Таким образом, все движение исторического познания представляет собой разрешение его внутренних противоречий, отражающих противоречия самого объекта, - бесконечный процесс, каждый этап которого должен рассматриваться как с точки зрения углубления в сущность, природу общественного развития, так и по степени охвата многосторонности, воспроизведения целостности исторического движения. И тот и другой аспекты исследования являются одновременно логическими и историческими, в равной мере требуя обогащения прежних представлений анализом нового фактического материала, расширением источниковедческой базы. Исторический факт в той мере, в какой он в ходе исследования включен в сложное историческое целое и правильно понят, становится составным элементом концепции, общей реконструкции процесса; исследовательская гипотеза, подтвержденная анализом фактов, утверждает себя как относительная форма (ступень) абсолютной истины, а субъективные представления отдельного исследователя приобретают тем самым общенаучную значимость. В этом заключительном пункте исследования (итоговом на данной ступени знания) теория исторического познания уже не существует как нечто отдельное, отличное от теории исторического процесса.

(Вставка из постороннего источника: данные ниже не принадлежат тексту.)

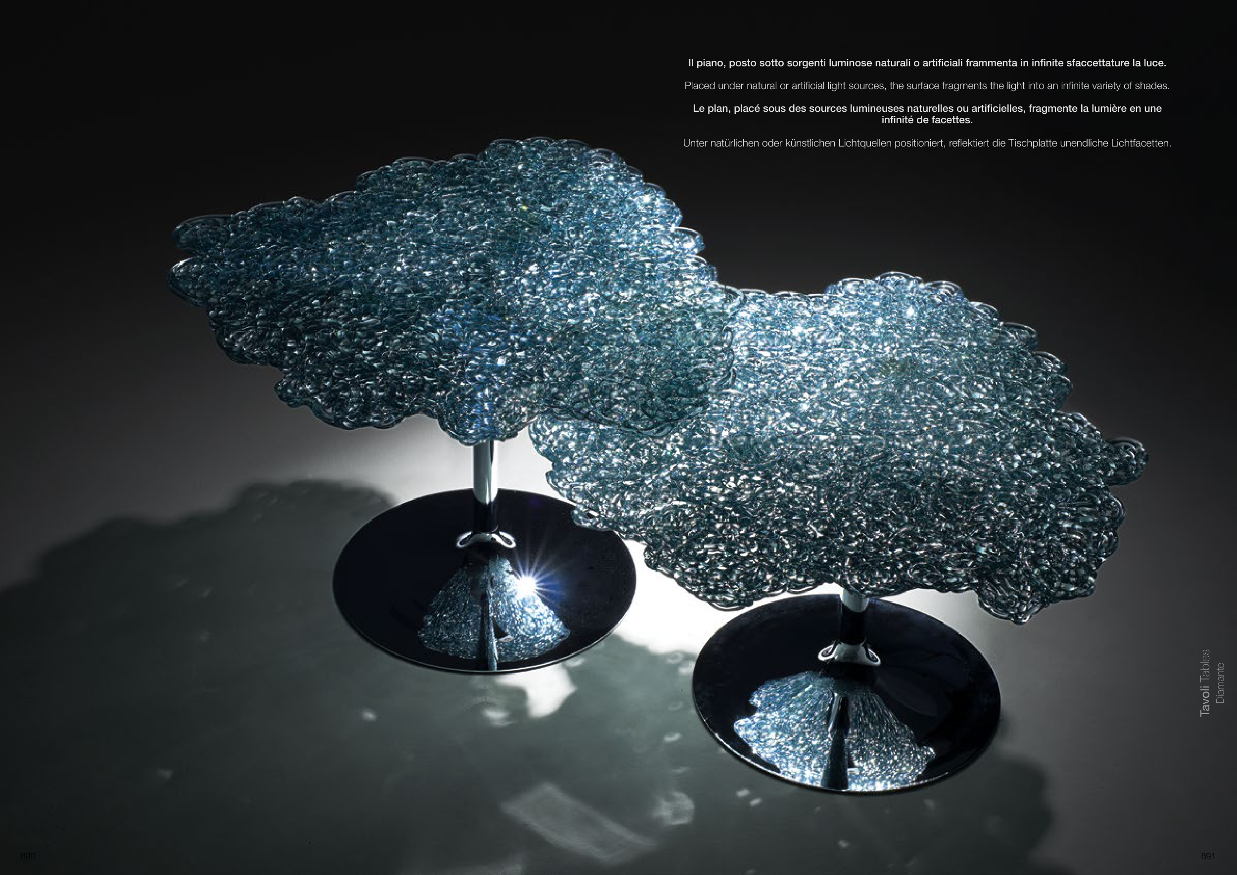 Placed under natural or artificial light sources, the surface fragments the light into an infinite variety of shades.
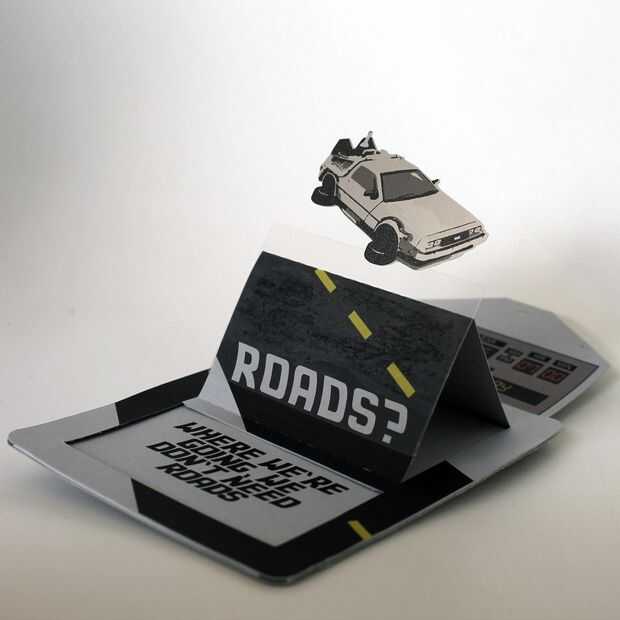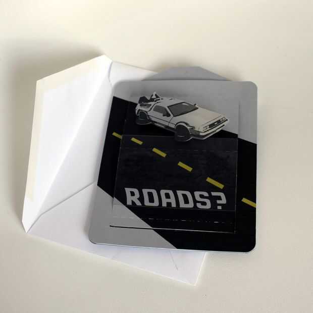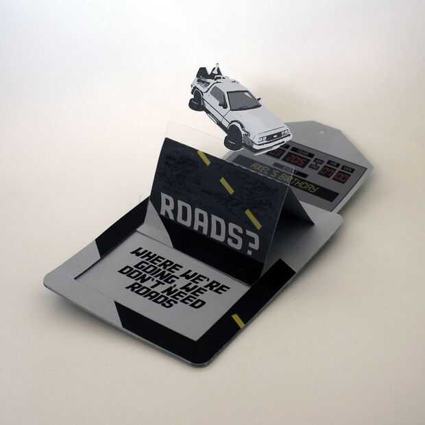 ¿Qué mejor manera que la gente emocionados por su parte que una tarjeta con una máquina del tiempo brillante que parece volar en el aire?
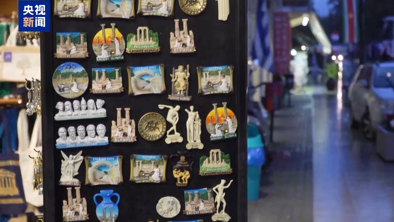 总台记者 杨明交:由于下雨,古奥林匹亚小镇显得有些冷清,但我们仍然能够在这里见到很多奥运元素,比如我身后这面奥运会会旗和国际奥委会各成员的旗帜。
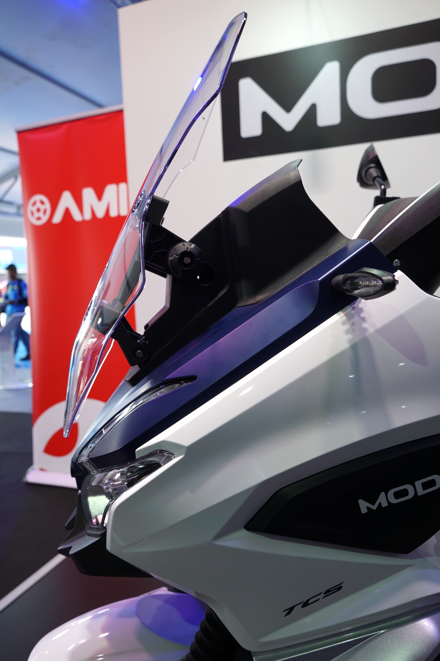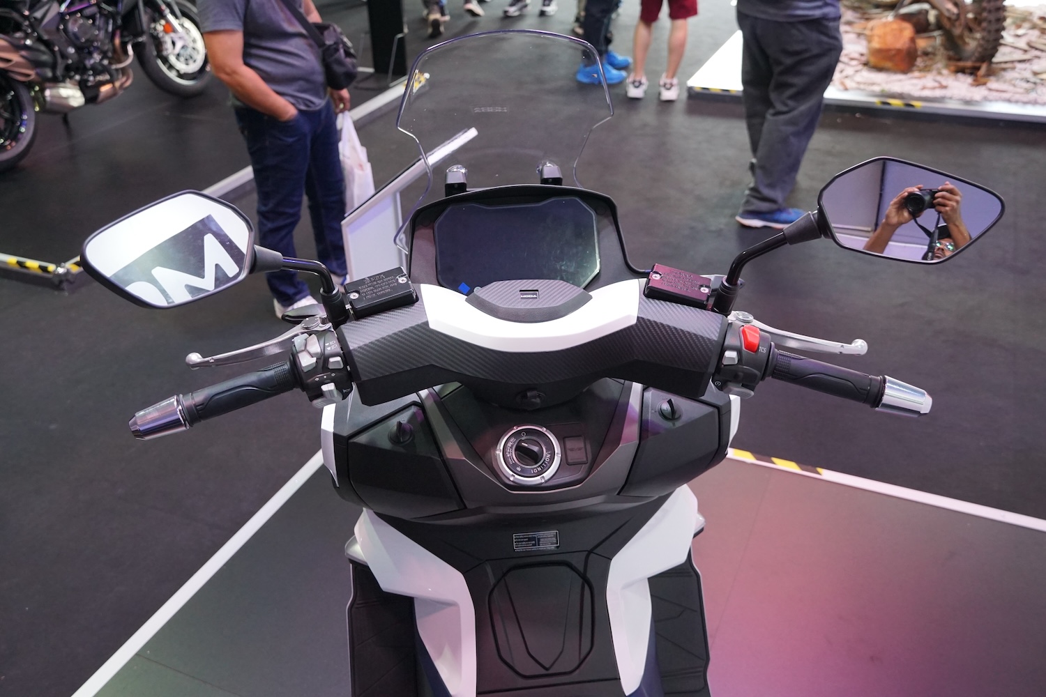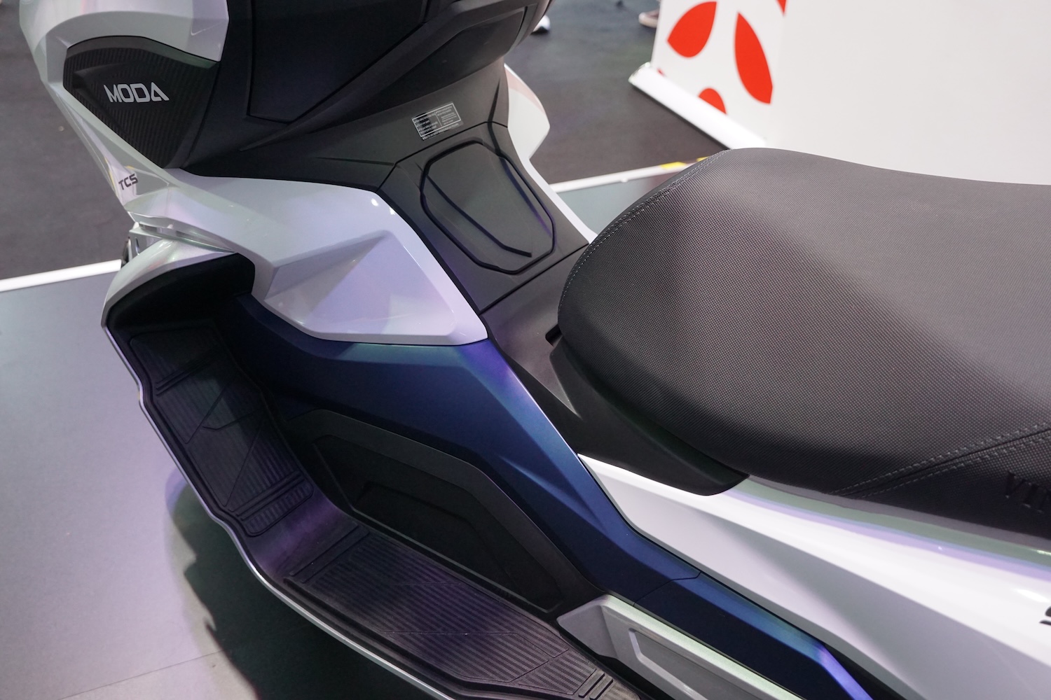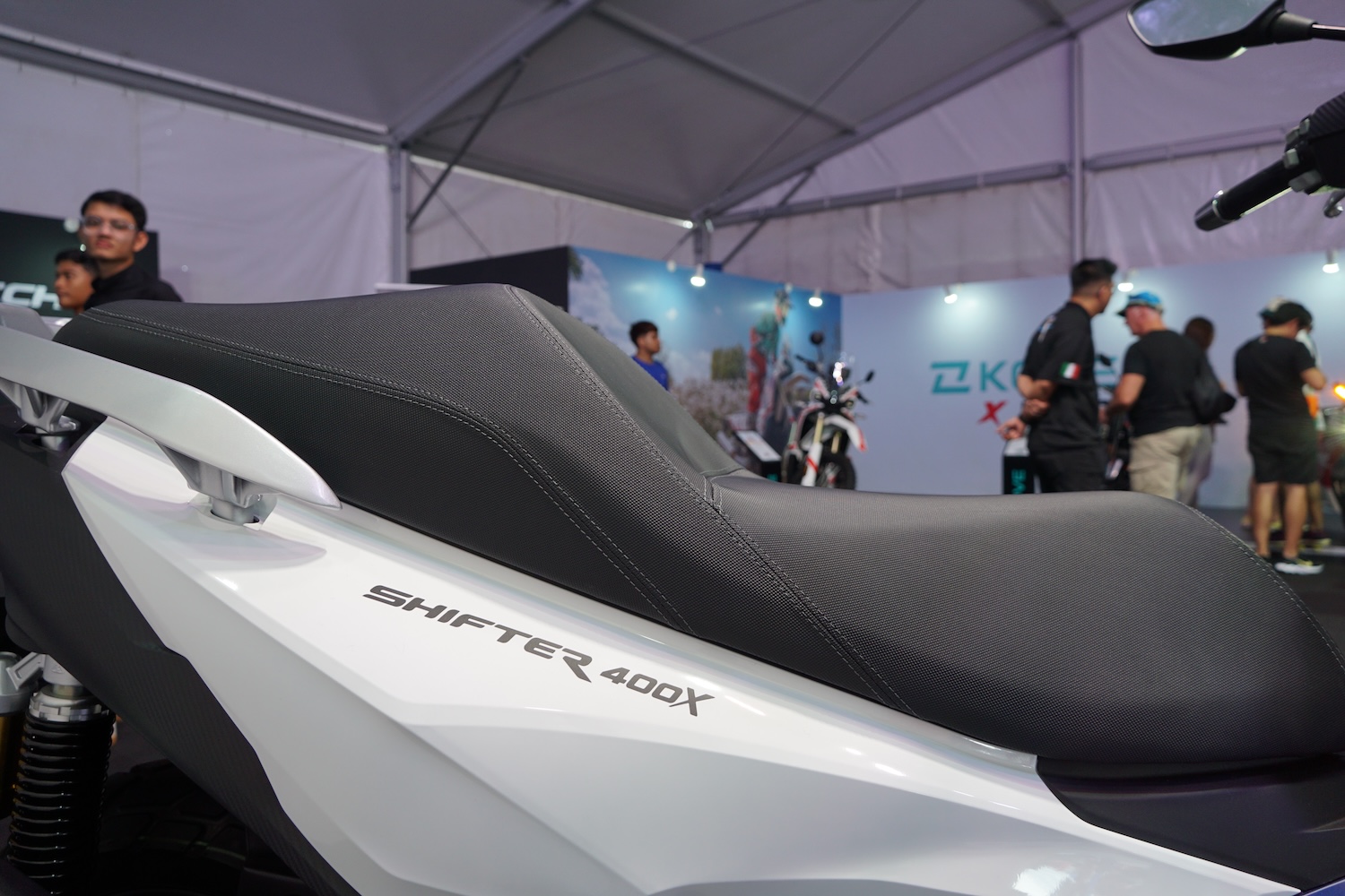 Pertama, ada penampilan skuter misteri berwarna putih biru dengan nama MODA Shifter 400X (2023). Kedua, ada lima model motosikal jenama Kove disusun di satu sudut bersebelahan motosikal MV Agusta.
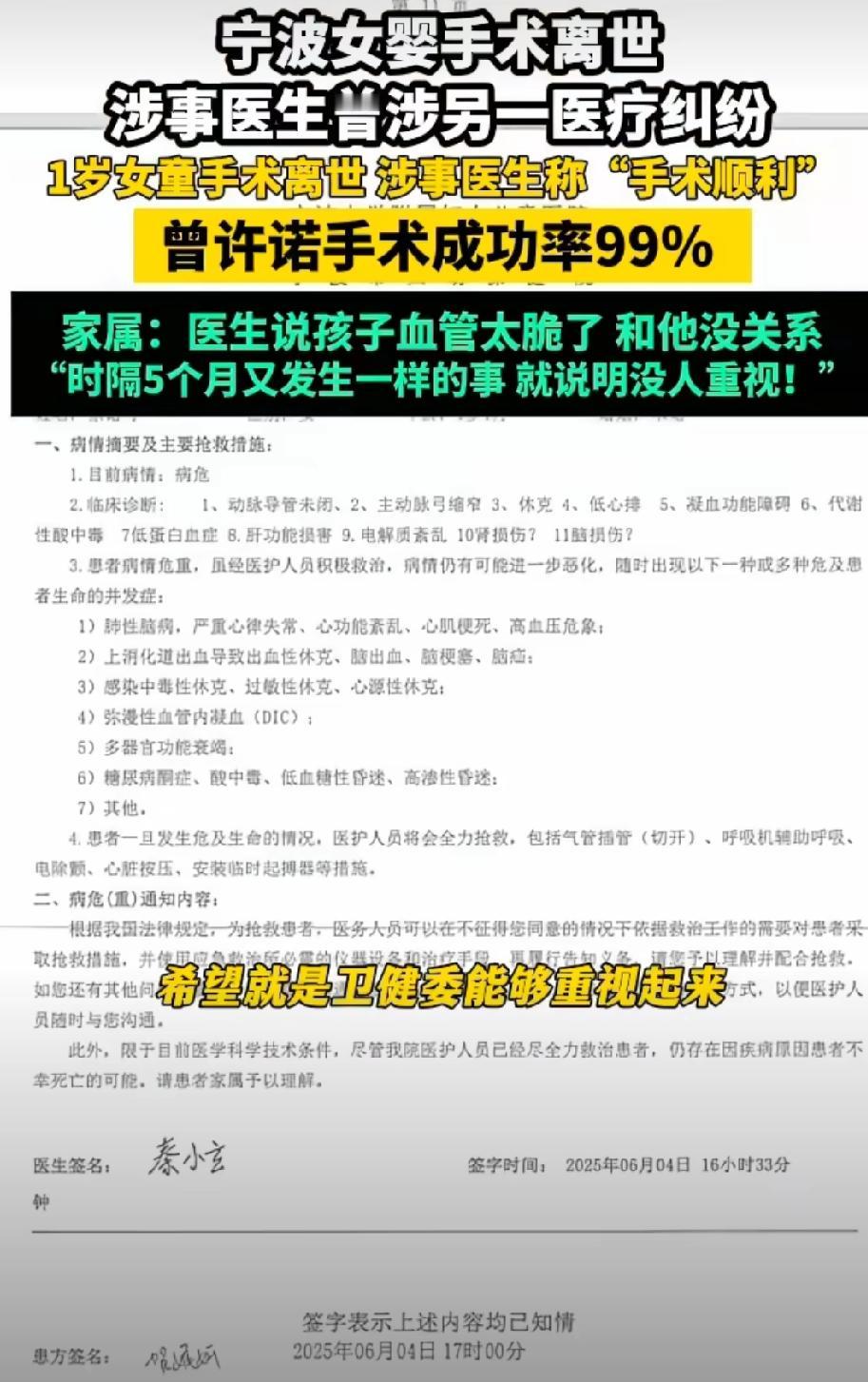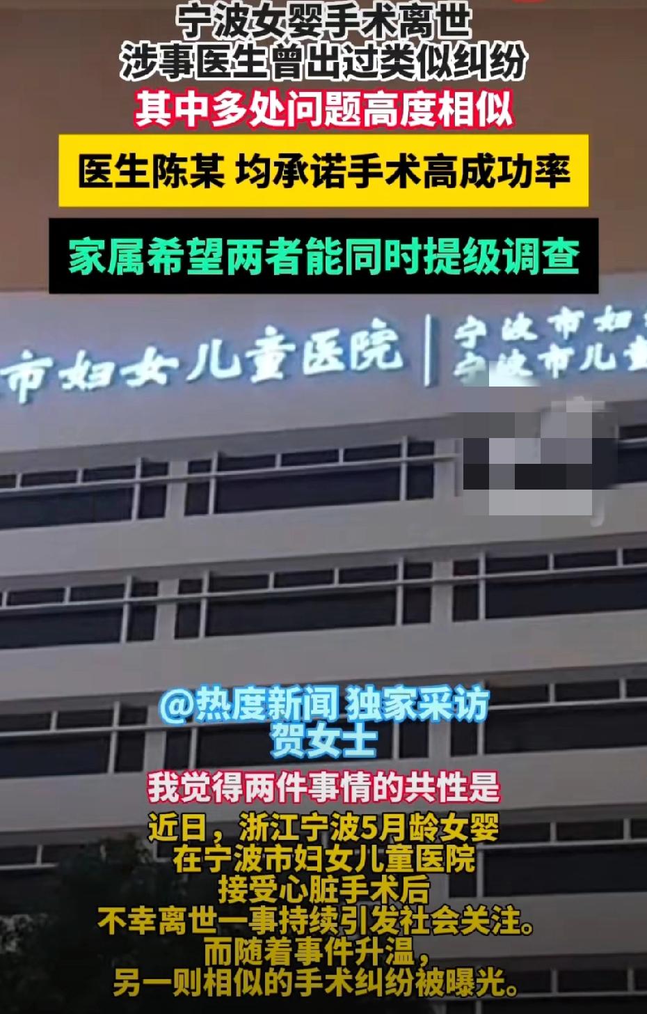 女婴术后离世,主治医生被爆涉及另一纠纷。 近日,在浙江宁波,5个月大的女婴在宁波市妇女儿童医院做完心脏手术后不幸离世。这一事件受到广大网友的关注。伴随着事情的发展,另一起较为相似的术后死亡事件也被曝光。 涉事医生陈某,在2025年6月4日,已经有过一起类似的术后死亡案件纠纷,13个月大的婴儿,在此医院接受手术后死亡,主刀医生与这次五个月大女婴涉事医生同为医生陈某。 婴儿家属贺女士称,做手术前医生陈某承诺手术成功率99%,然而孩子从进入手术室到手术结束,经历了8个小时,并在术后三个小时宣告孩子死亡。事后贺女士多次向相关部门举报投诉,并未得到相应的回复和补偿。医院方面表示,主刀医生陈某是有着丰富经验的资深医生,目前没有任何证据可以证实婴儿死亡是陈某在手术中存在工作失误导致婴儿死亡。 现在又一起相似的事件,两起事件仅相隔5个月,贺女士表明,这是对患者的不重视,这是医院对婴儿死亡事件的不重视,同时也说明地方卫健委以及相关领导没有重视。希望各级部门可以严查这起事件,还死者父母一个公平,谁该承担责任,谁的过错应该付出相应的惩罚。还两个不幸的婴儿一个公道。 两个刚来到这个世界的孩子,还没好好看一看这世界的美好,就在手术后离世,这是何等的可惜。更让人气愤的是同一个医生五个月没,两起术后死亡事件,医院不仅不处理涉事医生还为其找借口开脱。
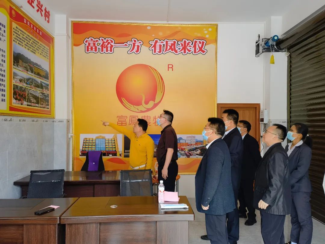 慶典儀式后,凌云縣人民政府縣長(zhǎng)謝旦杏等領(lǐng)導(dǎo)在富鳳集團(tuán)李非董事長(zhǎng)的陪同下參觀公司辦公宣傳欄,介紹富鳳集團(tuán)產(chǎn)業(yè)布局及發(fā)展歷程,產(chǎn)業(yè)化帶動(dòng)農(nóng)戶(hù)養(yǎng)殖增收致富典型案例和成效。
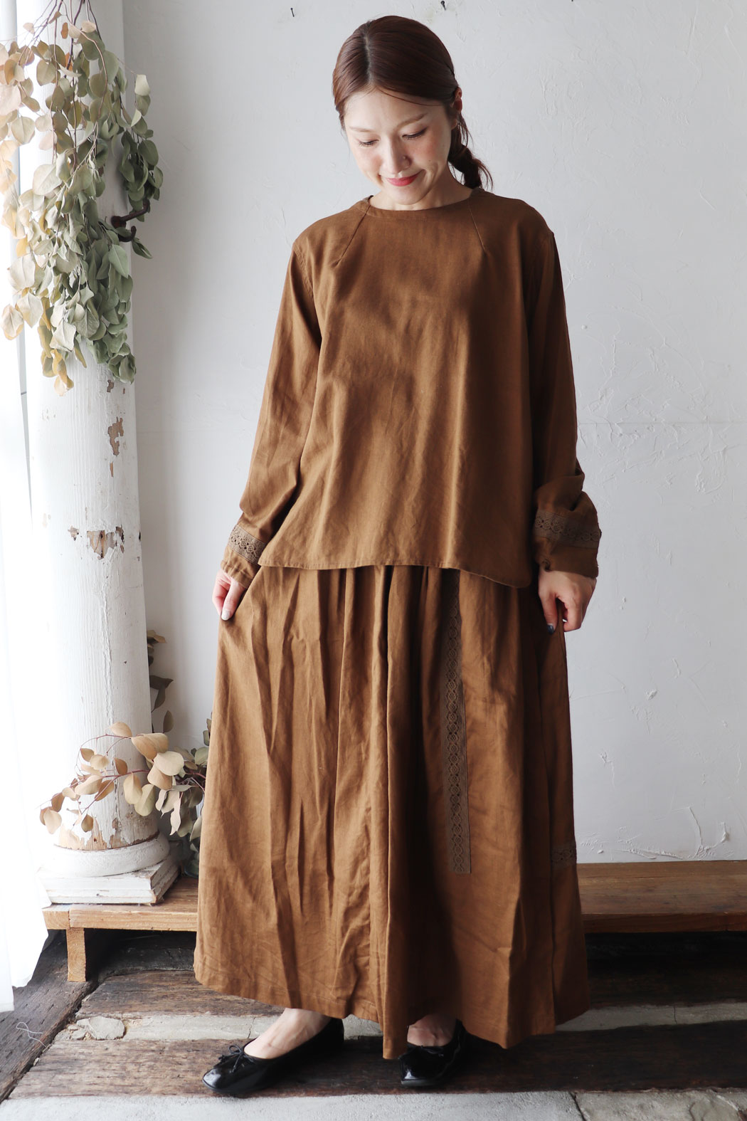 コットンリネンの薄手ビエラ生地を使用したVlas Blommeのレース付きスカート。柔らかな落ち感と同色レースが上品なアクセントに。

Единство объекта, цели и метода определяет, в свою очередь, структуру науки, соотношение отдельных областей и отраслей ее, всего общественного знания, современное развитие которого, как и развитие науки в целом, характеризуется, с одной стороны, возрастающей специализацией, а с другой - тенденцией к сближению, к интенсивному развитию пограничных областей, к взаимному обогащению исследовательскими приемами: например, выделение области конкретных социологических исследований и использование их методики в анализе исторических структур, применение историками современных методов логического анализа, а также методов статистики, кибернетики и т. д.; вместе с тем идет общий процесс «историзации» во всех науках, включая точные, оказывающий обратное воздействие на развитие самой исторической науки.
Творческое развитие теоретических принципов и познавательных средств науки призвано не только обогатить практику исторического исследования, но и способствовать повышению роли исторического знания как одной из наиболее активных форм общественного сознания. Последний аспект, который всегда учитывается марксистами и который во многом определяет возросшее внимание к методологии истории со стороны историков-марксистов в СССР и за рубежом, исключительно важен в современных условиях. Гигантские революционные изменения в мире, вовлечение в активную историческую жизнь народов, долгое время рассматривавшихся их колониальными угнетателями лишь как объект истории, резко усилившаяся взаимозависимость между развитием отдельных стран и процессом поступательного движения человечества в целом - все это делает наиболее актуальными проблемы всемирности, неравномерности и многовариантности прогресса, интернационального и национального, требуя интенсивной разработки и большей, чем в прошлом, дифференциации соответствующих категорий и понятий. Тут действует и более широкая закономерность: если настоящее, правильно понятое в своей генетической связи с прошлым, служит важнейшим объективным критерием исторического познания, то, в свою очередь, исследование истории - необходимое условие для решения современностью ее собственных задач. В этой связи внимание историков-марксистов привлекает, в частности, проблема повторяемости - не только в ее общеисторическом и гносеологическом плане (повторяемость как необходимая сторона прогресса, момент познания единства истории), но и под углом зрения неиспользованных в прошлом возможностей и вариантов развития, поиска более прямых, "экономных" путей поступательного движения общества. Именно новизна совершающегося требует углубленного анализа и всестороннего учета опыта истории. Отсюда вытекает еще одна задача марксистско-ленинской методологии истории: теоретическое вооружение исторической науки для более действенного участия ее в формировании положительных традиций, прежде всего традиций освободительной борьбы и революционного преобразования мира, а также для участия в критическом анализе уроков прошлого, в очищении прогрессивных традиций от случайного, ложного, чуждого им.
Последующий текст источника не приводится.